Exercise data: Begin

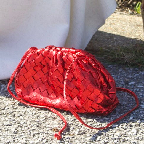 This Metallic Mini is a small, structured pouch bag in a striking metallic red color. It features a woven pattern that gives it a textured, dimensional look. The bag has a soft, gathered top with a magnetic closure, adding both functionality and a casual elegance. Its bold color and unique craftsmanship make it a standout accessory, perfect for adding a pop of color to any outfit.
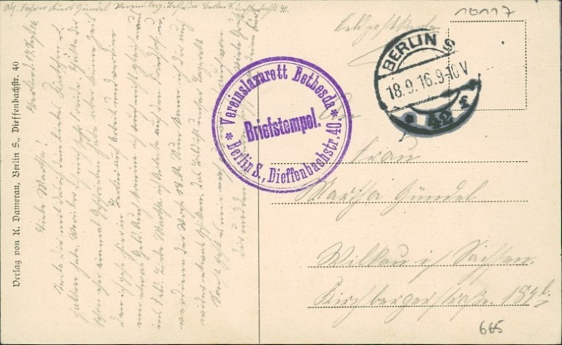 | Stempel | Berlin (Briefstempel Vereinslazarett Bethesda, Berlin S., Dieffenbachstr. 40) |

Exercise data: End
Exercise data: Begin

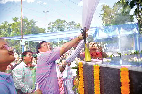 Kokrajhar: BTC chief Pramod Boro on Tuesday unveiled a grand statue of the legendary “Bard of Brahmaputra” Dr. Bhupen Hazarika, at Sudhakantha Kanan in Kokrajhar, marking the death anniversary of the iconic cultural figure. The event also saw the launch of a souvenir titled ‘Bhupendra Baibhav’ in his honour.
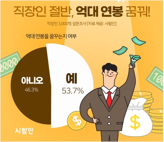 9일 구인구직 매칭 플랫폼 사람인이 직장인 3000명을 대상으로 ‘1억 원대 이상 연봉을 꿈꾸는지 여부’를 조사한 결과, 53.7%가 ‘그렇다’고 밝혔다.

Exercise data: End

== Task brief ==
Would you output the lines above from the line holding "Kokrajhar: BTC chief" up to and including the line holding "9일 구인구직 매칭 플랫폼", exactly and only those, with no pictures?

== Solution below ==
 Kokrajhar: BTC chief Pramod Boro on Tuesday unveiled a grand statue of the legendary “Bard of Brahmaputra” Dr. Bhupen Hazarika, at Sudhakantha Kanan in Kokrajhar, marking the death anniversary of the iconic cultural figure. The event also saw the launch of a souvenir titled ‘Bhupendra Baibhav’ in his honour.
 9일 구인구직 매칭 플랫폼 사람인이 직장인 3000명을 대상으로 ‘1억 원대 이상 연봉을 꿈꾸는지 여부’를 조사한 결과, 53.7%가 ‘그렇다’고 밝혔다.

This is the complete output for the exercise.